Karpuz fazla olgunlaştıkça orta kısımlarında bozulmalar ve çürümeler başlıyor. Kesildiğinde kötü koku veya ekşi bir tat hissederseniz asla yemeyin. Su içeriği yüksek, asit seviyesi düşük olduğu için kolay bozulan bir meyve. Bu nedenle kestikten sonra buzdolabında 3 günden fazla saklamayın. Karpuzun çekirdeği sindirilemediği için fazla tüketmemenizde fayda var, çekirdeğinin kabuklarını çıkartıp yiyebilirsiniz.
Vücudun İhtiyacı Olan Sıvı İhtiyacını Karşılıyor
Karpuzun bileşiminin yüzde 92’si sudan oluşuyor. Aynı zamanda elektrolit içeriği sayesinde vücudumuzdaki su kaybını önlemek için tüketebileceğimiz en sağlıklı ara öğünlerden biri olarak nitelendiriliyor.

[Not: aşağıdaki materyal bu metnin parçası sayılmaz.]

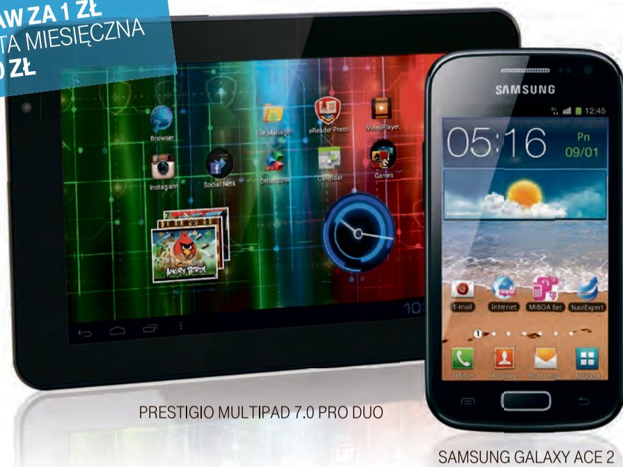
PRESTIGIO MULTIPAD 7.0 PRO DUO

ZESTAW ZA 1 ZŁ OPŁATA MIESIĘCZNA 64,90 ZŁ
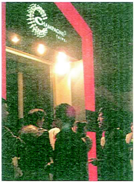
↑ 舞會的入口一景，排著許多等待入場的人們!
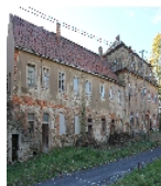
Fotonummer F 08971195 C Aufnahmejahr 2012 Beschreibung Herrenhaus und Nebengebäude
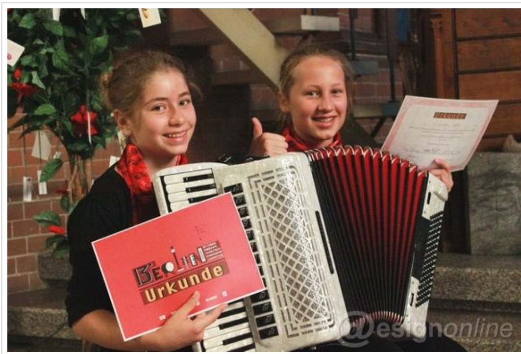
参与活动的德国小朋友手持获奖证书
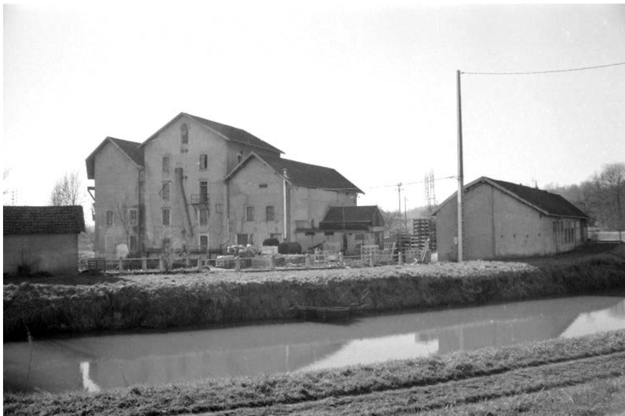
Vue d'ensemble depuis le nord-est : centrale et laboratoire.
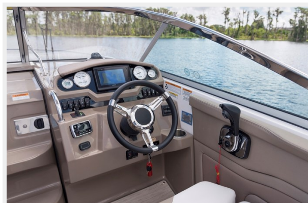
2014 REGAL 28 EXPRESS helm picture
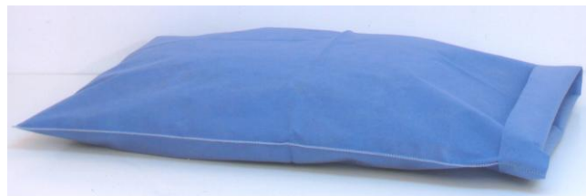
FUNDA PARA ALMOHADA
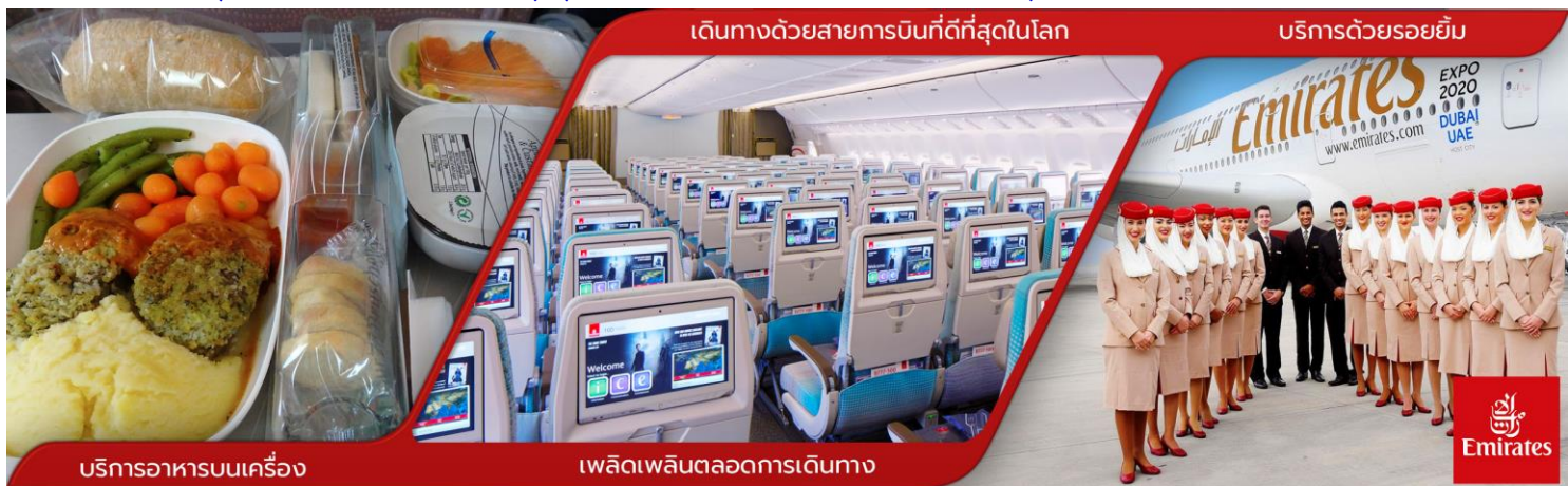
บริการอาหารบนเครื่อง

03.30 น. ✈️ ออกเดินทางสู่ สนามบิน BKK-DXB ท่าอากาศยานนานาชาติดูไบ โดยสายการบินเอมิเรตส์ EMIRATES EK เที่ยวบินที่ EK371 : 03.30-06.50 (ใช้เวลาเดินทาง 7 ชั่วโมง) (บริการอาหารและเครื่องดื่มบนเครื่อง)
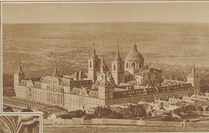
Der Eskorial vom «Stuhl Philipps II.» aus gesehen

er plötzlich dahergeschritten käme. Im Chor der mächtigen Kirche zeigt man noch seinen Stuhl, wo er bei kirchlichen Feierlichkeiten zu sitzen pflegte und wo er auch die Nachricht vom Sieg bei Lepanto erhielt. Dicht daneben ist die geheime Wandtüre, durch welche er unbemerkt eintreten konnte. † Bei Beisetzungen vollzieht sich der Ritus seit einigen Jahrzehnten der-

Kanser Riskini Önlemeye Yardımcı
Karpuz antioksidanlardan zengin bir meyve. İçerdiği likopen antioksidanı bağışıklık sistemini güçlendirici etkiye sahip. Aynı zamanda hücre bölünmesinde yer alan bir protein olan insülin benzeri büyüme faktörünün (IGF) vücudumuzdaki sayısını düşürüyor. Bu sayede kanser riskini azalttığı belirtiliyor. Bunun yanı sıra içerdiği C vitaminiyle vücutta kanser hücrelerinin gelişmesine neden olan serbest radikallerin oluşumunu engelleyebiliyor.
Kalp Ağrılarını Korumayı Destekliyor!
Yapılan çeşitli çalışmalar likopenin kolesterol ve kan basıncını düşürmeye yardımcı olabileceğini gösteriyor. Karpuz kolesterolün vücuda, özellikle kan damarlarına yapabileceği hasarın da en aza indirilmesine yardımcı oluyor. Ayrıca vücuttaki nitrik oksit seviyelerini arttırabilen bir amino asit olan sitrülini içeriyor. Nitrik oksit kan damarlarının genişlemesine yardımcı oluyor ve bu etkisiyle kan basıncını düşürüyor.